Identification of common and unique Ty modulators. Abbreviations are defined in supplemental Figure S1 and in Figure 2. The shaded circle represents Ty1 restriction genes identified in this work (A-R). No genes in common were found when B-R and C-H, and B-R and D-H, were compared. Also refer to Maxwell and Curcio (2007) for further comparative analyses of Ty1 (B-R and C-H) and Ty3 (D-R and D-H) modulators.

Figure 4.—

Frequency estimate of Ty1- and non-Ty1-induced Can^R mutations. Open bars, frequency of Can^R mutations caused by Ty1 insertion; cross-hatched bars, frequency of Can^R mutations caused by other mutational events; solid bars, overall frequency of Can^R mutations. Standard deviations are above the solid bars. On the bottom is the fraction of Can^R mutations caused by Ty1. Also refer to supplemental Tables S4 and S5.

Figure 5.—

Ty1 insertions in the CAN1 promoter region vs. the coding sequence. Shaded bars, Ty1 insertions in the CAN1 promoter region; solid bars, Ty1 insertions in the CAN1 coding sequence. On the bottom are Ty1 restriction genes that were analyzed. P-values were obtained by comparing the distribution of promoter vs. coding sequence insertions in WT and Ty1 restriction mutants (‡, refer to materials and methods). Also refer to supplemental data for more information on the spectrum of Can^R mutations (supplemental Tables S4 and S5), the orientation of the Ty1 insertions (supplemental Table S6), and DNA sequence analysis of Ty1 insertions when PAF1 was deleted (supplemental Figure S5).

Figure 6.—

Relationship between ubiquitination of proteins involved in transcription elongation by RNA polymerase II and by Ty1 transposition.

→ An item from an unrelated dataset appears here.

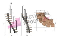 Лестница Prosto Urban White гусиный шаг 600 мм, h234-336 см (13 ступеней), бук |

Protein names (in boldface type) required for restricting Ty1 transposition and maintaining target site preference at CAN1 include the Paf complex subunits Cdc73, Paf1, and Rtf1 and the Rad6-Bre1 ubiquitination (+Ub) complex that modifies histone H2B on K123. Rad6-Bre1 may also ubiquitinate additional proteins that have not been identified. The Paf1 complex subunit protein Leo1 is required for restricting Ty1 transposition but is not required for target-site preference at CAN1, and Ctr9 was not analyzed. The Bur1-Bur2 cyclin-dependent protein kinases (+Phos) and the histone H3 methylases (+Me) Dot1 and Set1 were not identified in our screen for Ty1 restriction genes, but may affect Ty1 target preference.